Instead of defining f as a sympolic expression and using solve, one can define f as a polynomial over the rationals, and get its roots over the algebraic numbers.

Define ring of polynomials in x over the rationals, then f:

sage: R.<x> = QQ[]
sage: f = x^3 + x^2 - 1/10

Roots of f in QQbar (they are real: no imaginary part is shown):

sage: rr = f.roots(QQbar, multiplicities=False)
sage: print(rr)
[-0.8669513175959773?, -0.4126055722546906?, 0.2795568898506678?]

Further check that all roots are real:

sage: [r.imag() == 0 for r in rr]
[True, True, True]

Get radical expressions (involving I even though all roots are real).
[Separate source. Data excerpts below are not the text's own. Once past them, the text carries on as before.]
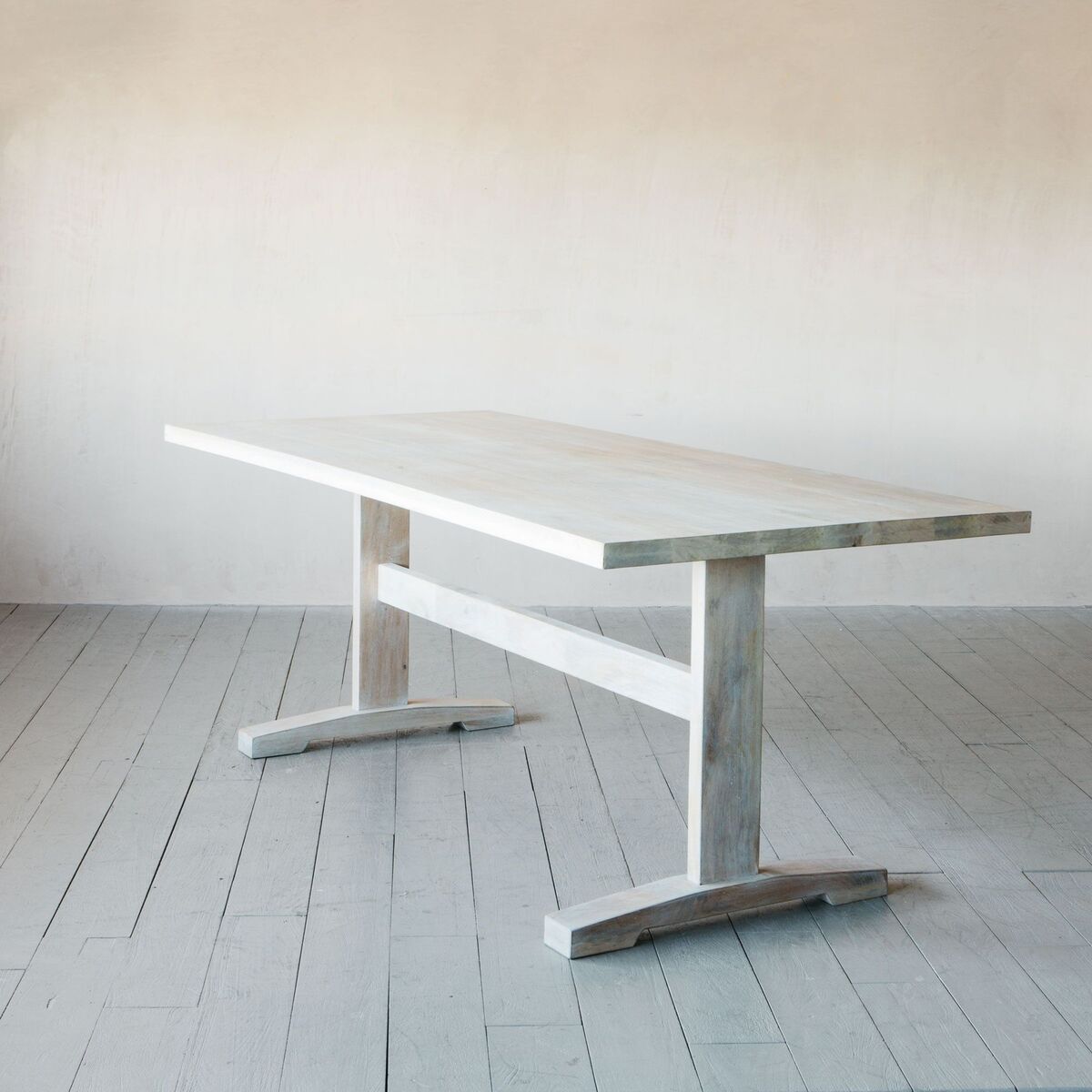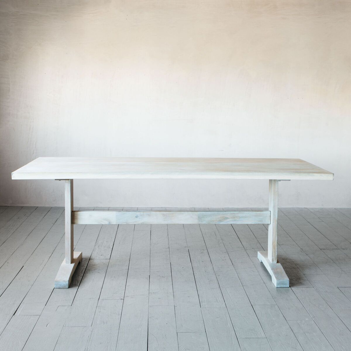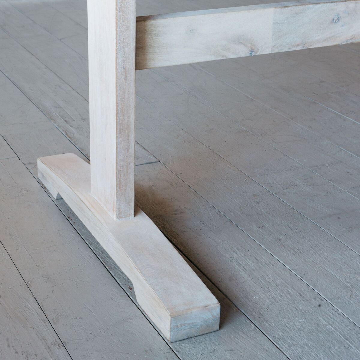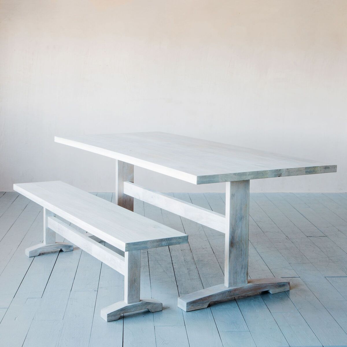 This structural dining table features white washed wood for a refined addition to any interior style, pair with the matching Abelline Dining Bench and cork placemats for a fresh coastal look. H77 x W200 x D90cm. Made of iron and mango wood in a white-wash finish. Weight: 46. 5kg. Some self assembly required. Clean with a soft dry cloth. To prevent watermarks and heat damage, never place items such as ceramics, tableware or glassware directly onto the surface of any of our wooden furniture without the protection of a heat resistant mat, coaster or trivet. Clean up any spillages immediately to avoid staining.
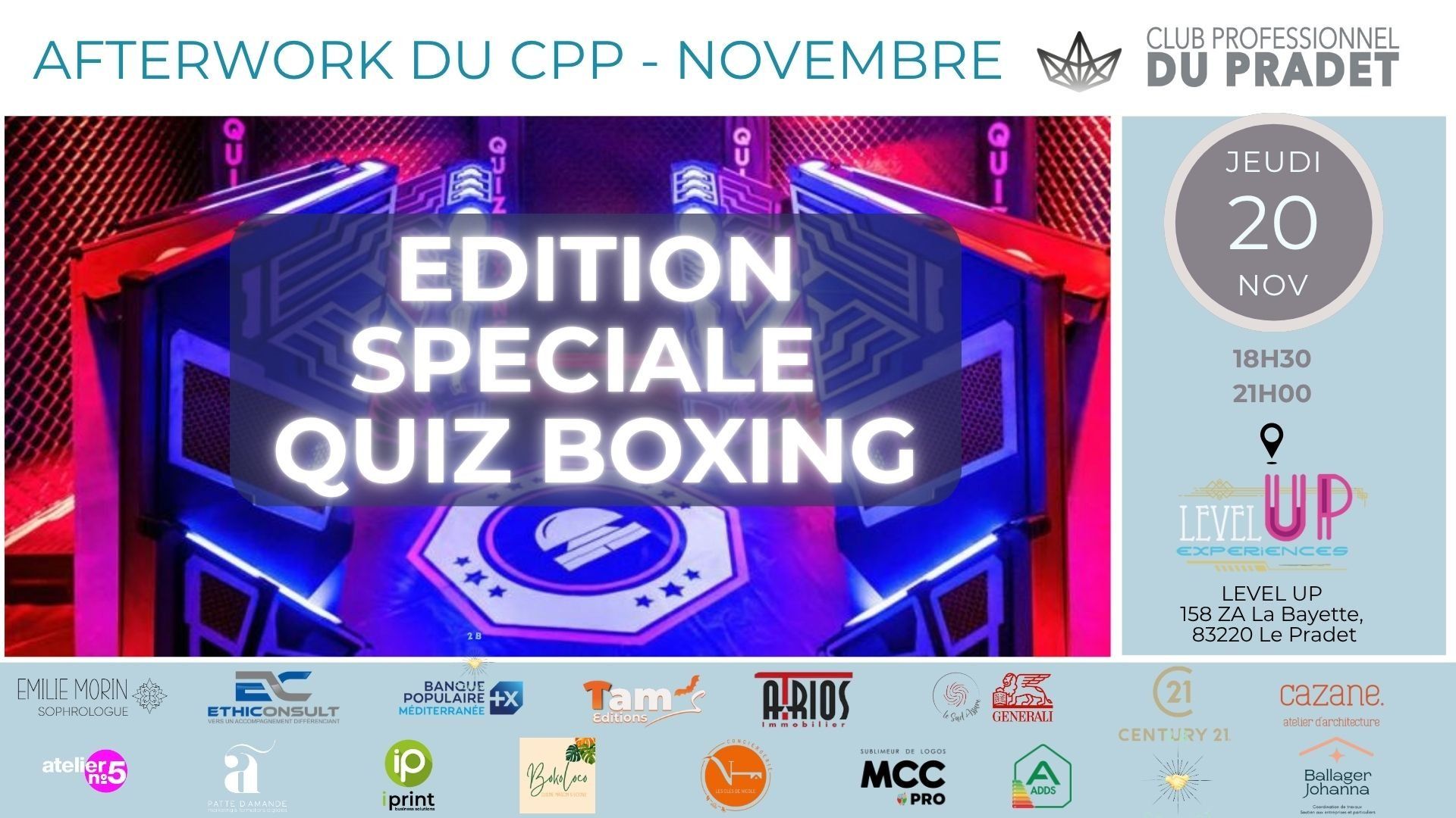 Oubliez les afterworks classiques, le CPP vous propose une Édition Spéciale : Quiz Géant et Réseautage au LEVEL UP au Pradet. C’est l'occasion parfaite de faire le plein de contacts professionnels tout en s'amusant.
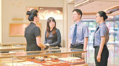 2024年7月,上海市黄浦区检察院检察官与金店员工交流反洗钱法律问题。
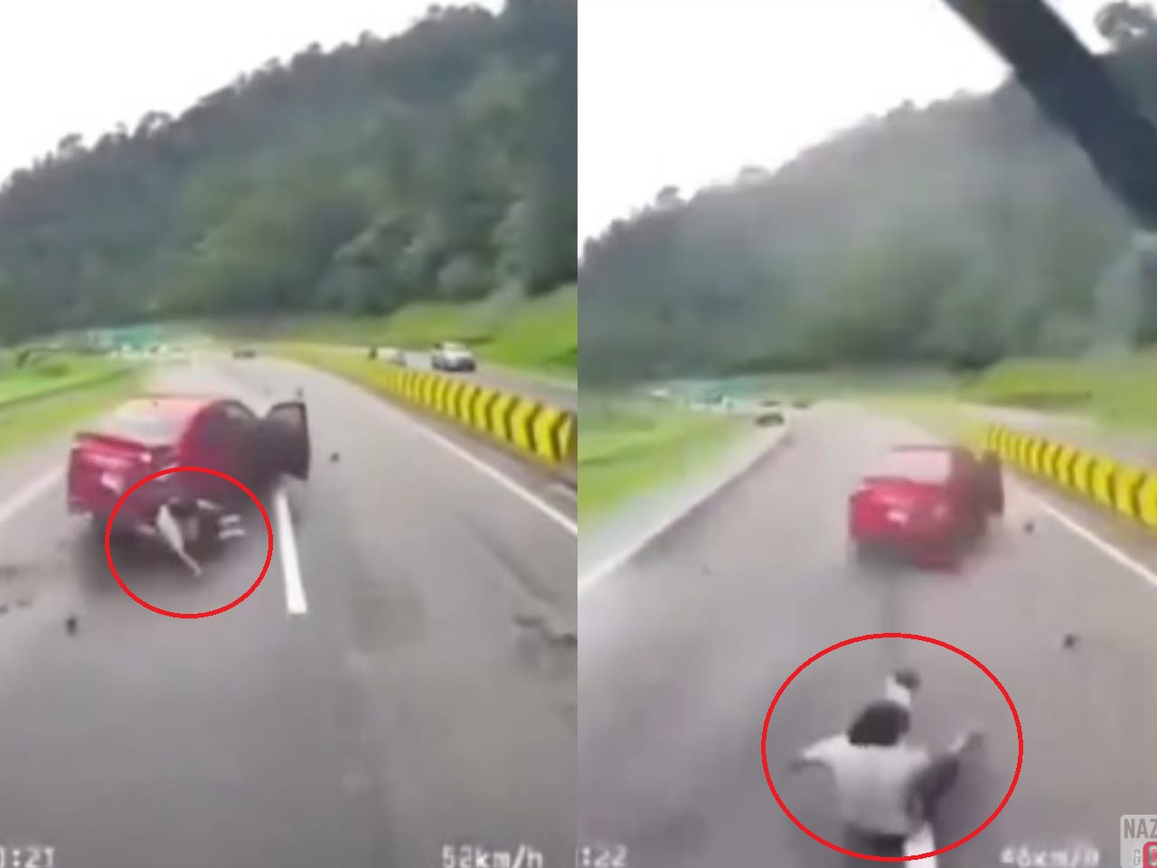 Menerusi rakaman kamera papan pemuka (dashcam) yang tular di media sosial, lelaki terbabit pada mulanya memandu di lorong kedua kanan sebelum keretanya secara tiba-tiba terbabas ke kiri dan merempuh penghadang besi. Ketika kejadian, tubuh pemandu itu terhumban keluar dari tempat duduk, manakala keretanya terus meluncur sendiri ke depan lalu menghentam penghadang di lorong kanan.

sage: [r.radical_expression() for r in rr]
[-1/2*(1/180*I*sqrt(13)*sqrt(3) + 7/540)^(1/3)*(-I*sqrt(3) + 1)
 - 1/18*(I*sqrt(3) + 1)/(1/180*I*sqrt(13)*sqrt(3) + 7/540)^(1/3) - 1/3,
 -1/2*(1/180*I*sqrt(13)*sqrt(3) + 7/540)^(1/3)*(I*sqrt(3) + 1)
 - 1/18*(-I*sqrt(3) + 1)/(1/180*I*sqrt(13)*sqrt(3) + 7/540)^(1/3) - 1/3,
 (1/180*I*sqrt(13)*sqrt(3) + 7/540)^(1/3)
 + 1/9/(1/180*I*sqrt(13)*sqrt(3) + 7/540)^(1/3) - 1/3]

See link provided by @Emmanuel_Charpentier for the mathematics of that.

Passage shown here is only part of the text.